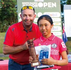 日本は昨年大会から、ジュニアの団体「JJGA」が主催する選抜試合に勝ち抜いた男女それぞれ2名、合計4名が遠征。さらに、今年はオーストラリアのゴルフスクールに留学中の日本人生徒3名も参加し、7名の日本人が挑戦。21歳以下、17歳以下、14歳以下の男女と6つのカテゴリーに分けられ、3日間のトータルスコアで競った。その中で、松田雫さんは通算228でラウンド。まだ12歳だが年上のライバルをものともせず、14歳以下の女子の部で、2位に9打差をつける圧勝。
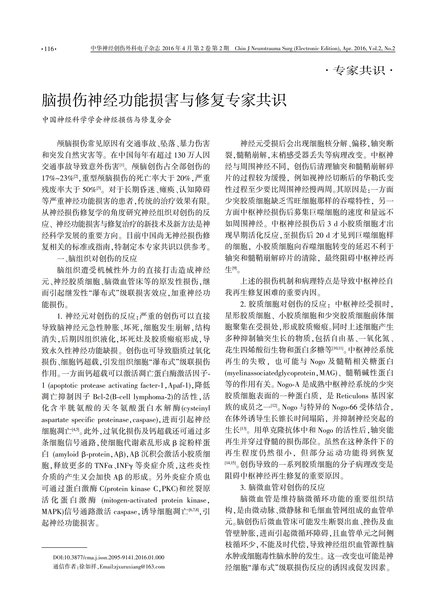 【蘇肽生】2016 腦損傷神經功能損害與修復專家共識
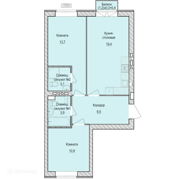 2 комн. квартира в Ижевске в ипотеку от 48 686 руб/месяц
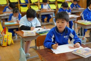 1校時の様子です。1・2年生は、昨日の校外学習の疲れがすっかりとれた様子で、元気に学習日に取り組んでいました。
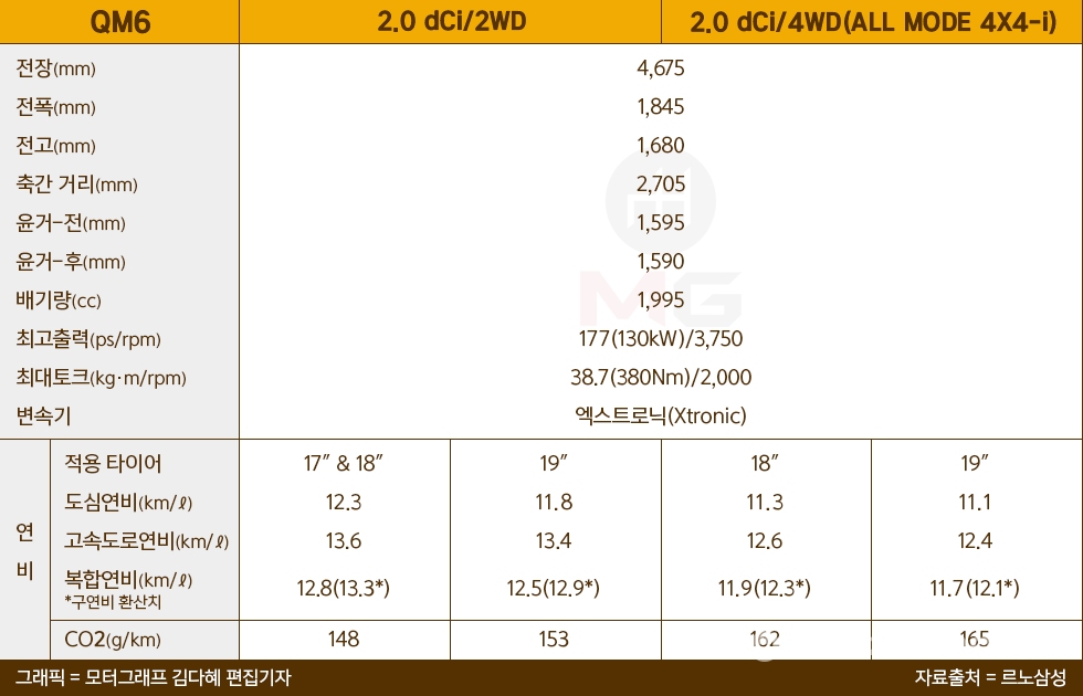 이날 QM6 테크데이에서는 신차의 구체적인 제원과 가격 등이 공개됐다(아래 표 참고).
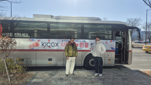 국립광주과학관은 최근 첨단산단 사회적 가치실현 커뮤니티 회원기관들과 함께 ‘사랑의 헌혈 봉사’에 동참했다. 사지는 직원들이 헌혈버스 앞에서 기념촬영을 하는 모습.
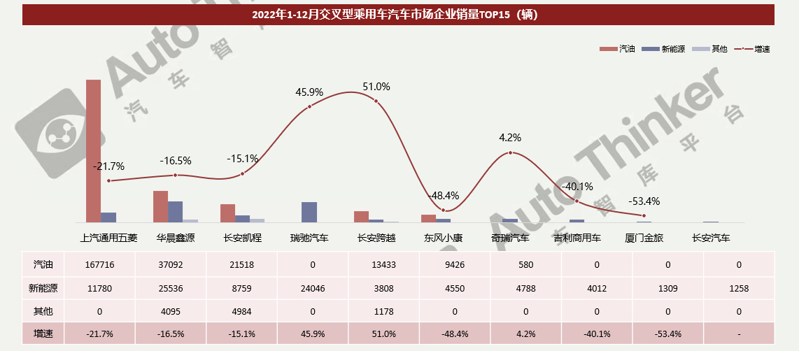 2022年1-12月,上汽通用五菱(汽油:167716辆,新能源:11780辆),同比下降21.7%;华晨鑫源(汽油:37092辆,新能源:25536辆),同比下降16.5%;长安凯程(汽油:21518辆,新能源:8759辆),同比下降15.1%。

———

DESCRIPTION OF THE TASK. When the line containing "국립광주과학관은 최근 첨단산단" is reached, write out that line and each one after it exactly, ending with the last line of the records; pictures are not copied.

WRITTEN RESPONSE.
 국립광주과학관은 최근 첨단산단 사회적 가치실현 커뮤니티 회원기관들과 함께 ‘사랑의 헌혈 봉사’에 동참했다. 사지는 직원들이 헌혈버스 앞에서 기념촬영을 하는 모습.
 2022年1-12月,上汽通用五菱(汽油:167716辆,新能源:11780辆),同比下降21.7%;华晨鑫源(汽油:37092辆,新能源:25536辆),同比下降16.5%;长安凯程(汽油:21518辆,新能源:8759辆),同比下降15.1%。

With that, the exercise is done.